Belki önümüzdeki dönemde bu olayın yaşanmasına sebebiyet veren başka ayrıntılar da çıkacak. Ama cevabı verilmese de şu sorular durumun ne olduğu bize az çok göstermektedir:
1- Köylülerin de kabul ettiği şekilde, kamyondakiler yolu şaşırdıklarını ve köylülerle bir ilgilerinin olmadığını söylemelerine rağmen, karakolu arayıp gerillaların önünü kesme talimatını köylülere veren kişi kim?

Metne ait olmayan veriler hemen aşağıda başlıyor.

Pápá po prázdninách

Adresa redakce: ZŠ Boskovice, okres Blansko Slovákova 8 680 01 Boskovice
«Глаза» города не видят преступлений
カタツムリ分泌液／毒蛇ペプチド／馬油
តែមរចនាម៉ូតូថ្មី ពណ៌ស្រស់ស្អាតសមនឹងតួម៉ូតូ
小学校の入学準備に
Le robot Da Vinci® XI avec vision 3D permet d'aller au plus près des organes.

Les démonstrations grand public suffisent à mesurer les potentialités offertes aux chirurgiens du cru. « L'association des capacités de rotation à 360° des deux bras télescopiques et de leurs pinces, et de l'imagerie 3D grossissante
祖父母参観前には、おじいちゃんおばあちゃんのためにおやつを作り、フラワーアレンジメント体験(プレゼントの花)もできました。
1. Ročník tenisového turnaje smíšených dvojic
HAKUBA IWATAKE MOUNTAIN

2- Köylülere, araçtakileri sağ ya da ölü ele geçirmeleri talimatını veren karakoldaki görevli kim? Neden köylülerle konuşmanın ses kaydı yayımlanmıyor?
3-Patlamadan önce kamyonda 4 gerilla olduğunu bilen ve patlama olur olmaz kamyondaki 4 gerillanın öldüğünü Reuters ve MİT güdümlü El Cezire Türkçe’ye açıklayan ‘güvenlik ve içişleri’ kaynakları kimler?

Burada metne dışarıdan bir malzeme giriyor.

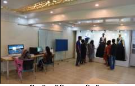
ডিজাইন স্টুডিও (এফডিএই)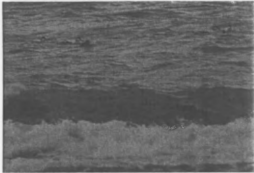
Hwyaid mwythblu y tu hwnt i'r tonnau

Gyda'r golau yn pallu cafwyd diwedd glo arbennig i'r daith. Allan ar y môr 'roedd haid o forhwyaid duon (tua 120) a haid arall yn agos i'r lan o hwyaid mwythblu (tua 50 ohonynt).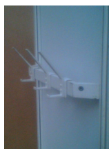
VĚŠÁK - stěnový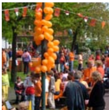
Het Oranjecommité organiseert de leukste Koninginnedag van de Vechtstreek.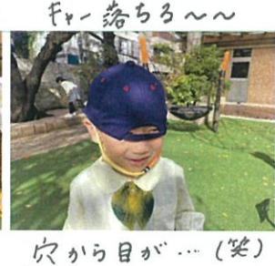
穴から目が... (笑) "外が見えるよ!"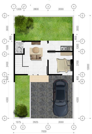
DENAH L1 DASAR

Lantai Bangunan 52M 2 / Luas Tanah 84 M 2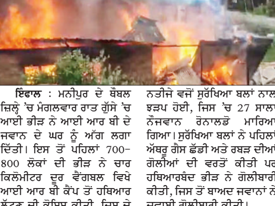
ਇੰਦਰਾ : ਮਨੀਪੁਰ ਦੇ ਬੋਝਲ ਜ਼ਿਲ੍ਹੇ 'ਚ ਮੰਗਲਵਾਰ ਰਾਤ ਗੁੱਸੇ 'ਚ ਆਈ ਭੀੜ ਨੇ ਆਈ ਆਰ ਬੀ ਦੇ ਜਵਾਨ ਦੇ ਘਰ ਨੂੰ ਅੱਗ ਲਗਾ ਦਿੱਤੀ। ਇਸ ਤੋਂ ਪਹਿਲਾਂ 700-800 ਲੋਕਾਂ ਦੀ ਭੀੜ ਨੇ ਚਾਰ ਕਿਲੋਮੀਟਰ ਦੂਰ ਵੈਂਗਲ ਵਿਖੇ ਆਈ ਆਰ ਬੀ ਕੈਂਪ ਤੋਂ ਹਥਿਆਰ ਲੁੱਟਣ ਦੀ ਕੋਸ਼ਿਸ਼ ਕੀਤੀ, ਜਿਸ ਦੇ ਨਤੀਜੇ ਵਜੋਂ ਸੁਰੱਖਿਆ ਬਲਾਂ ਨਾਲ ਝੜਪ ਹੋਈ, ਜਿਸ 'ਚ 27 ਸਾਲਾ ਨੌਜਵਾਨ ਰੋਨਾਲਡ ਮਾਰਿਆ ਗਿਆ। ਸੁਰੱਖਿਆ ਬਲਾਂ ਨੇ ਪਹਿਲਾਂ ਅੱਥਰੂ ਗੈਸ ਛੱਡੀ ਅਤੇ ਹੜਤਾਲ ਦੀਆਂ ਗੱਲੀਆਂ ਦੀ ਵਰਤੋਂ ਕੀਤੀ ਪਰ ਬਿਥਾਰਬੰਦ ਕੀਤੀ ਨਹੀਂ ਗਈ। ਜਿਸ ਤੋਂ ਬਾਅਦ ਜਵਾਨਾਂ ਨੇ ਜਵਾਬੀ ਗੋਲੀਬਾਰੀ ਕੀਤੀ।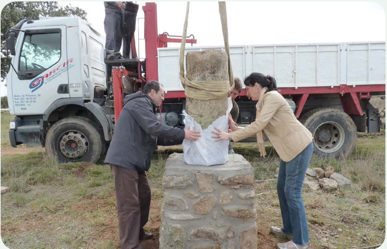
TRASLADO E INSTALACIÓN EN LA CALZADA (3). Momento de la descarga sobre el pedestal y protección mediante malla geotextil de la base del miliario que estará en contacto con el cemento, con la improvisada colaboración del arqueólogo del Servicio Territorial de Cultura de la Junta de Castilla y León y la directora del albergue de peregrinos de San Pedro de Rozados.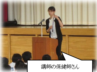
講師の保健師さん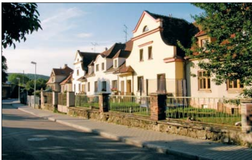
Kolonie domků pro železničáře v Řečkovících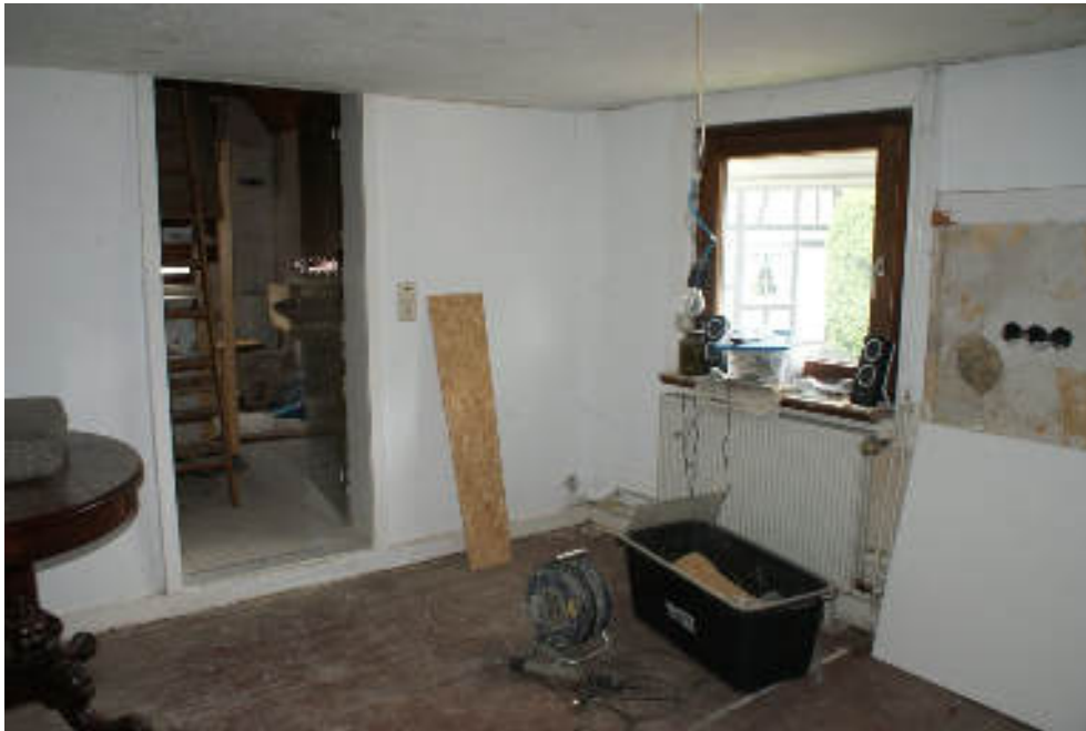
Bild 45 Zimmer OG frontseitig / gefangenes Bad OG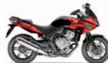
Pearl Siena Red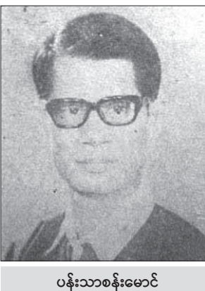
ပန်းသာစန်းမောင်

4- Patlamanın olduğu gece havuz medyasının tamamı o anda patlamada, kamyona bomba yükleyen 4 gerillanın olduğunu sosyal medyada paylaşmasına rağmen, ertesi sabah neden patlama anındaki ‘ölen 4 gerilla’ haberinin kaynağını açıklamadılar ve açıklamıyorlar?
5- Köylülere, gerillaların ölü ya da sağ ele geçirilmesi için ne vaad edildi veya gerillaların geçişine izin verilmesi halinde ne ile tehdit edildiler?
6- Gerillanın köyleri hedeflemesinin hiçbir nedeni yok ve üstelik köylülerin ifadesine göre de köyden uzaklaşmak istiyorlardı. Neden o köylüleri gerillanın üstüne salan ve patlamaya zemin hazırlayan ‘güvenlik güçlerine’ dikkat çekilmiyor?